Majority of people in Switzerland have voted in favor of the referendum that proposes the decommissioning all five of its nuclear power plants to pave way to cleaner and more sustainable sources of energy.

The Swiss use a system of direct democracy, which means voters have the final say on major policy issues like energy policy. The referendum to decommission the country's nuclear power plants garnered 58.2 percent of the voters.

Aside from phasing out existing nuclear power plants, the referendum also bans the construction of new nuclear power plants. Additionally, Switzerland plans to strengthen its renewable energy sector, boosting funds and support to natural power sources like solar, wind and hydro.

"The Swiss population has said 'no' to the construction of new nuclear power plants and yes to the development of renewable energy," said Regula Rytz, president of Switzerland's Green party, in a report from BBC. "The conditions have also been set whereby the economy and households will need to take responsibility for the future."

The closing of the nuclear power plants was first proposed in 2011, after an earthquake and tsunami triggered core meltdowns at three of the reactors in a nuclear power plant located in Fukushima, Japan.

As part of the referendum, $660 million will be raised annually from electric users to fund the investment in renewable energy sources. Additionally, $620 million will be taken from existing fossil fuels tax to help improve the energy efficiency of buildings, cutting down their energy requirements by 43 percent by 2035, as per Reuters.

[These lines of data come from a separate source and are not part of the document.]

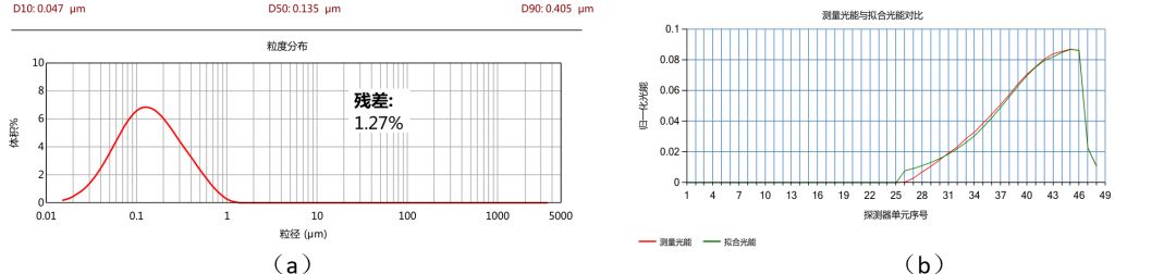 下面举一个实际测量例子。样品是一种水性石墨烯。图10(a)是用真理光学LT3600Plus仪器(采用了斜置梯形窗口技?测得的粒度分布。图10(b)是对应的实测光能分布与反演拟合的光能分布的对比。所得结果D50、D10、D90分别?.135μm?.047 μm?.405 μm,粒度分布曲线呈单峰,拟合残?.27%,数值在合理范围内、/span>
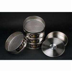 Test Sieves, 8" dia, 2.62 H x 2" D, Stainless Frame, Stainless Wire, Full Height, US Number 14, 1.4 mm Sieve Opening Size, 1.5 mm Opening Dimension, 0.71 mm Nominal Wire Diameter, 1.5 mm Maximum Individual Opening, ±0.05 mm Permissible Variation in Openings
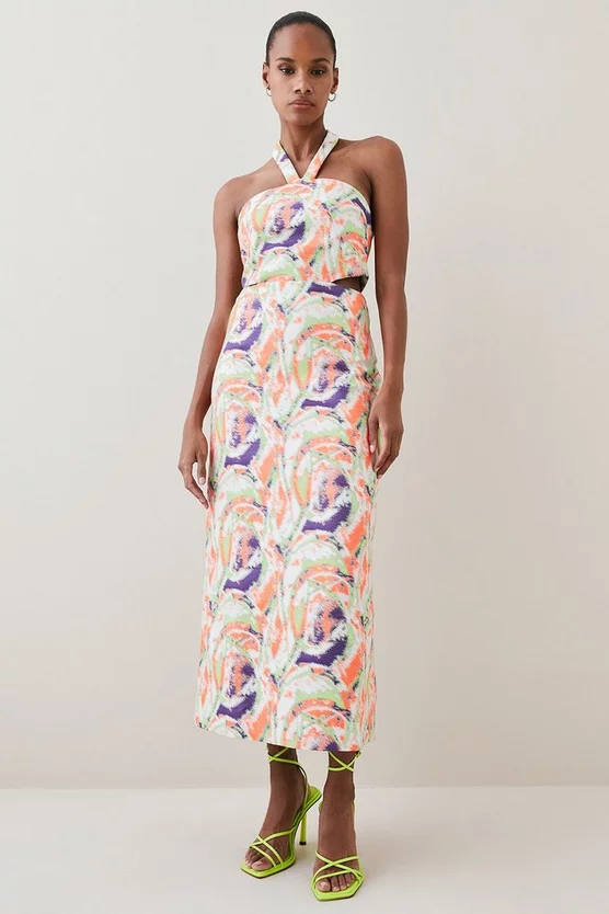 Add some colour to your summer wardrobe with this halterneck midi dress. Boasting an abstract print, side cut-outs and an alluring open back, this style will keep you fresh and elegant.
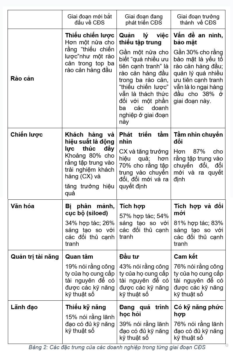 Những rào cản cho quá trình trưởng thành về mặt CĐS ở từng giai đoạn là khác nhau (bảng 1). Với giai đoạn bắt đầu, rào cản lớn nhất là thiếu một chiến lược CĐS phù hợp trong khi giai đoạn phát triển và trưởng thành, các công ty phải đối mặt với quá nhiều các ưu tiên và yêu cầu từ khách hàng, cổ đông, nhân viên. Mặt khác, vấn đề về an ninh và bảo mật cũng là một thách thức lớn với những công ty trưởng thành về CĐS.
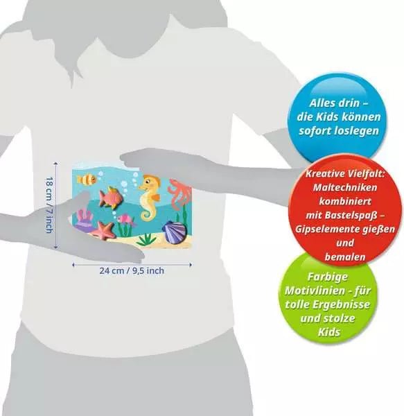 Das Set enthält 15 fertig gemischte Acrylfarben sowie Gips zum Anrühren und eine verständliche Anleitung. Beim Malen und Basteln werden Geduld, Genauigkeit und Feinmotorik gezielt gefördert. Das fertige Kunstwerk sorgt für Stolz, Freude und Motivation für weitere kreative Projekte.
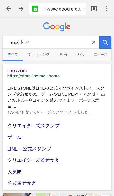 なので、まずはブラウザでLINEストアと検索しましょう。 おそらく一番上に公式のサイトが出ると思うので入ります。
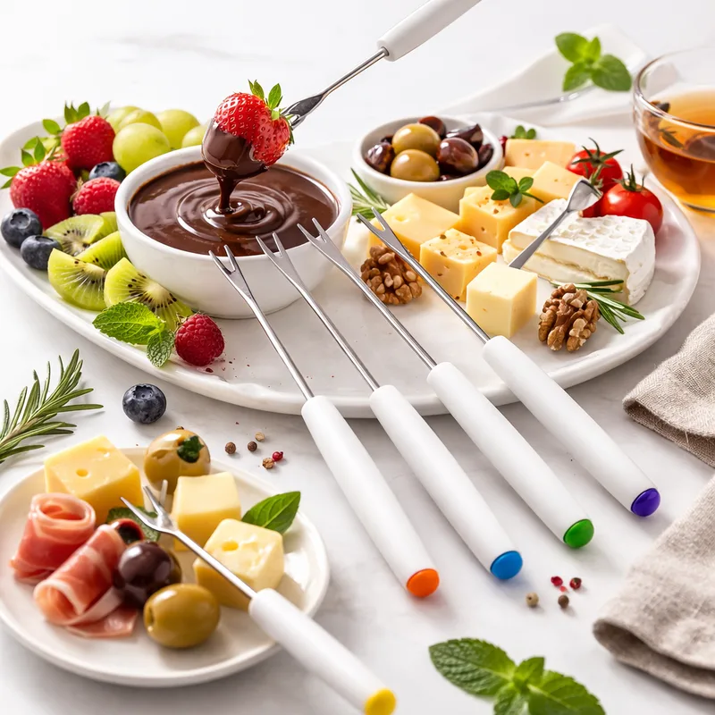 מקלות פונדו מארז 6 יח ידיות פלאסט לבנות 25 ס"מ
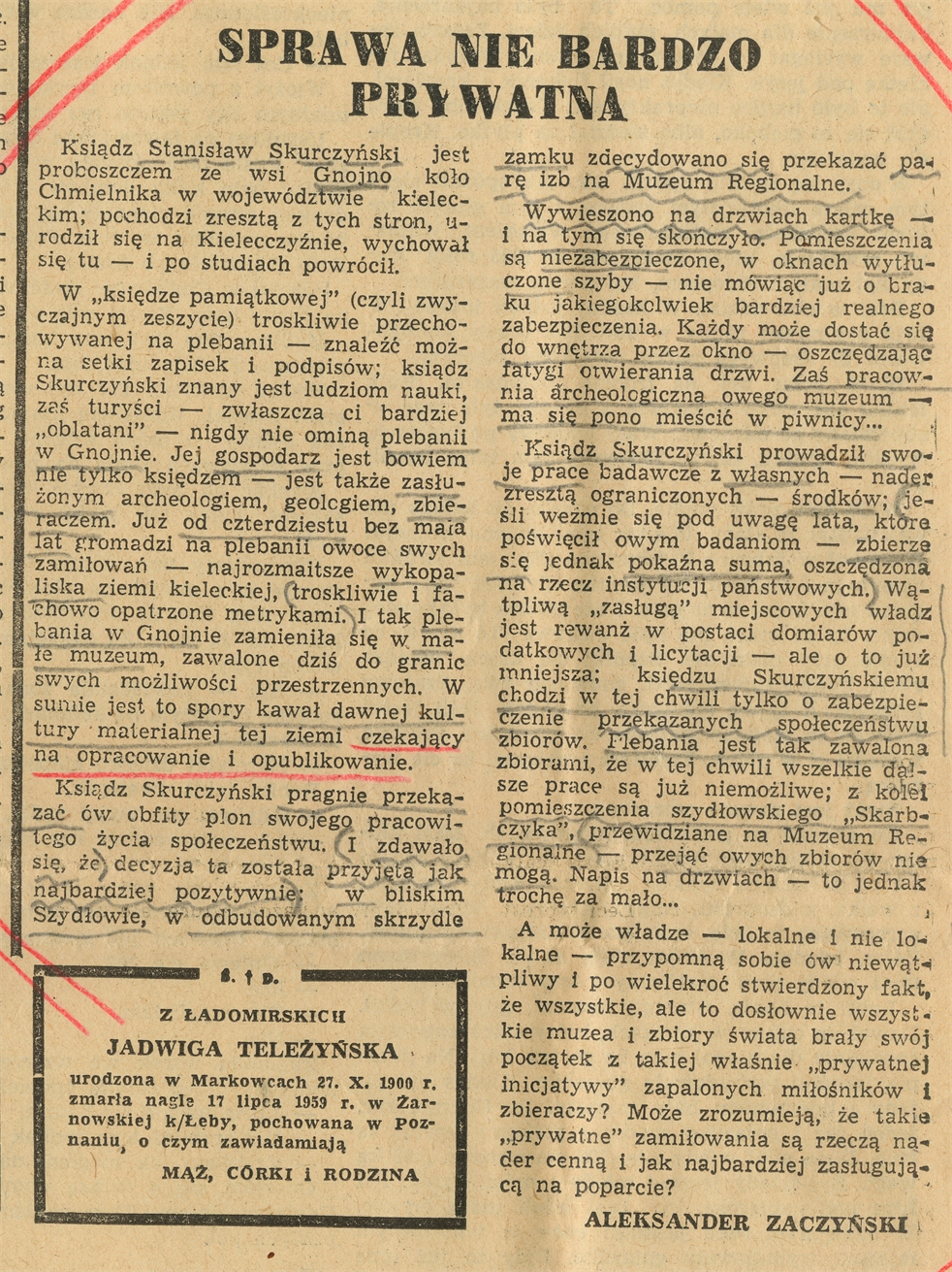 Wycinek prasowy z "Tygodnika Powszechnego" Nr 32 str. 3 zatytułowany "Sprawa nie bardzo prywatna"; 9 VIII 1959
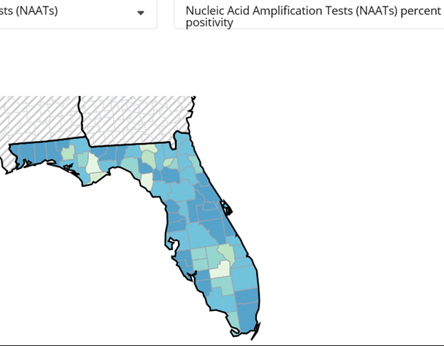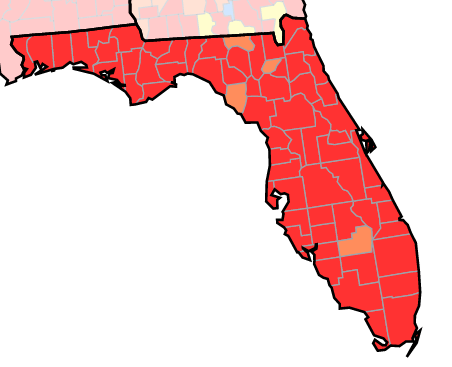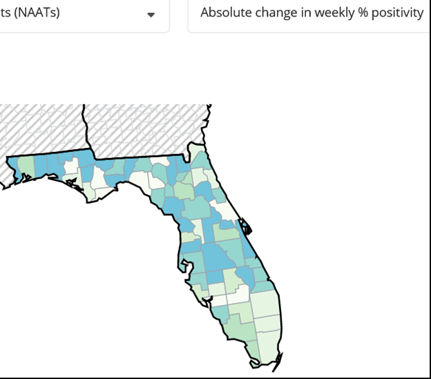 - The most recent CDC data shows 94% of Florida counties have high transmission.
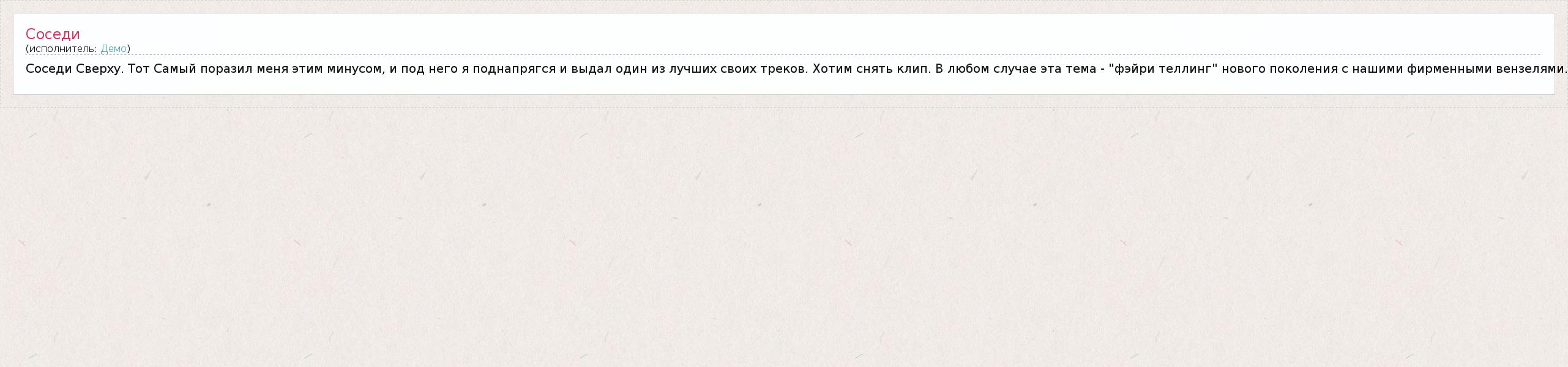 Соседи Сверху. Тот Самый поразил меня этим минусом, и под него я поднапрягся и выдал один из лучших своих треков. Хотим снять клип. В любом случае эта тема - "фэйри теллинг" нового поколения с нашими фирменными вензелями.

Set to take effect in January 2018, the referendum would cost the average family an additional of $55 annually due to higher grid surcharge to fund renewable subsidies.

At present, nuclear power plants supply 35 percent of Switzerland's energy production. It is significantly higher than solar and wind that only provides less than 5 percent of the country's energy output. Hydroelectric power plants have the highest energy output and are responsible for 60 percent of the nation's energy production.